*** Opening STUDY MATERIAL ***

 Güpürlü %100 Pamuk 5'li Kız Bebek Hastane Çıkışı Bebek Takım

*** Closing STUDY MATERIAL ***
*** Opening STUDY MATERIAL ***

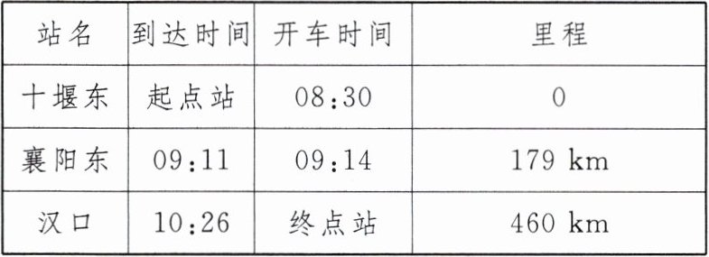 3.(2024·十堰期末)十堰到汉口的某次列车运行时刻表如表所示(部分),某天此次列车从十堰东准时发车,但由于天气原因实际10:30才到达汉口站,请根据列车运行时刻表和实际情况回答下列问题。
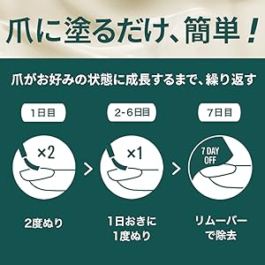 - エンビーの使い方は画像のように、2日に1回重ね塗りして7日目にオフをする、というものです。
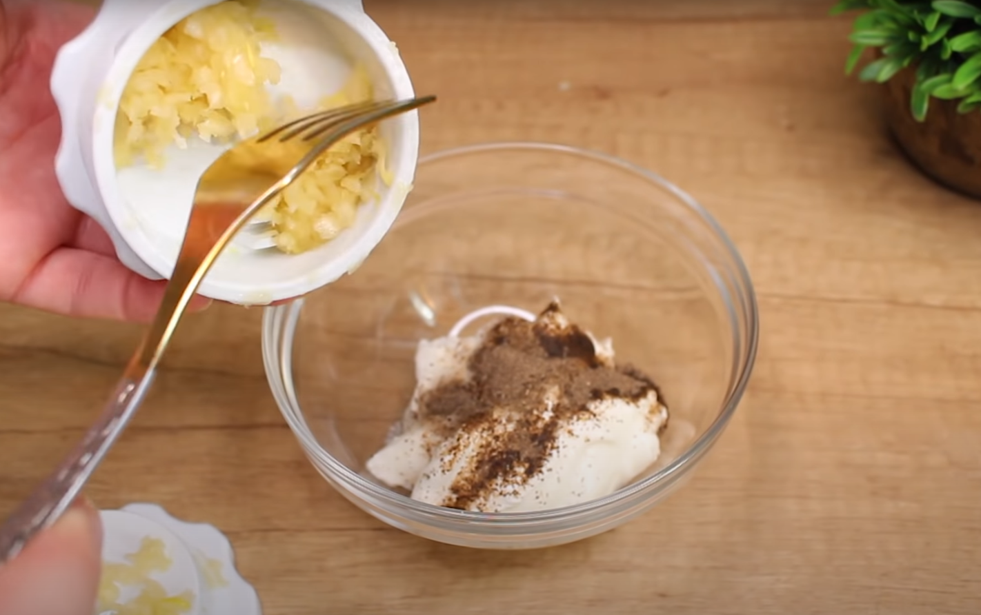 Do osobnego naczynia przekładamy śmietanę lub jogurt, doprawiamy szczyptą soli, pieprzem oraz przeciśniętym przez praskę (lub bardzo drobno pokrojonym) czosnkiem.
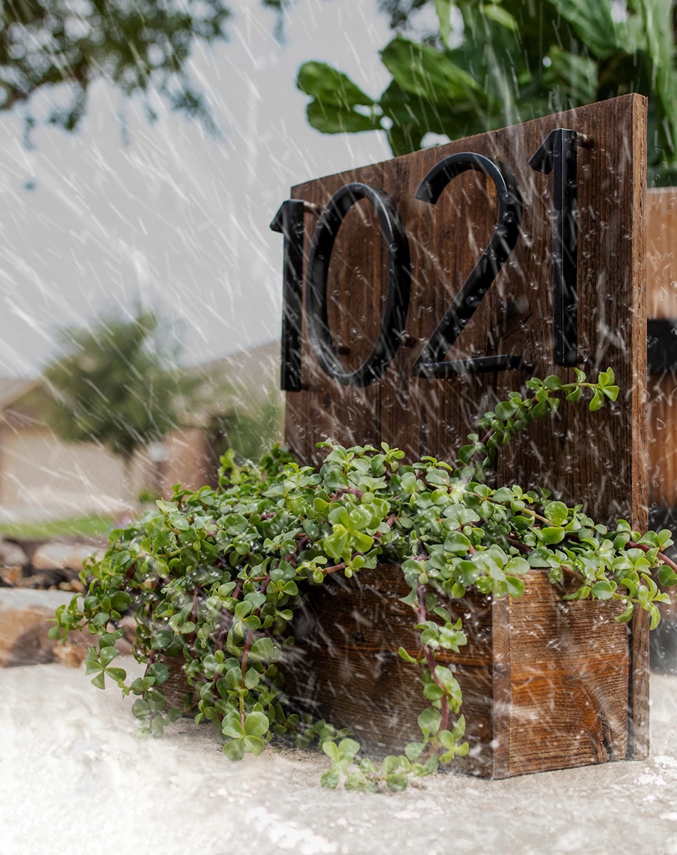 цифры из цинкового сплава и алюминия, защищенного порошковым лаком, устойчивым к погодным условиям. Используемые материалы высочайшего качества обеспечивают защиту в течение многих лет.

*** Closing STUDY MATERIAL ***

WORK TO BE COMPLETED ▸
Pictures aside, return exactly the lines from the data above, starting at the line that has "- エンビーの使い方は画像の" and ending at the line that has "Do osobnego naczynia", both included.

SOLUTION TO THIS PROBLEM ▸
 - エンビーの使い方は画像のように、2日に1回重ね塗りして7日目にオフをする、というものです。
 Do osobnego naczynia przekładamy śmietanę lub jogurt, doprawiamy szczyptą soli, pieprzem oraz przeciśniętym przez praskę (lub bardzo drobno pokrojonym) czosnkiem.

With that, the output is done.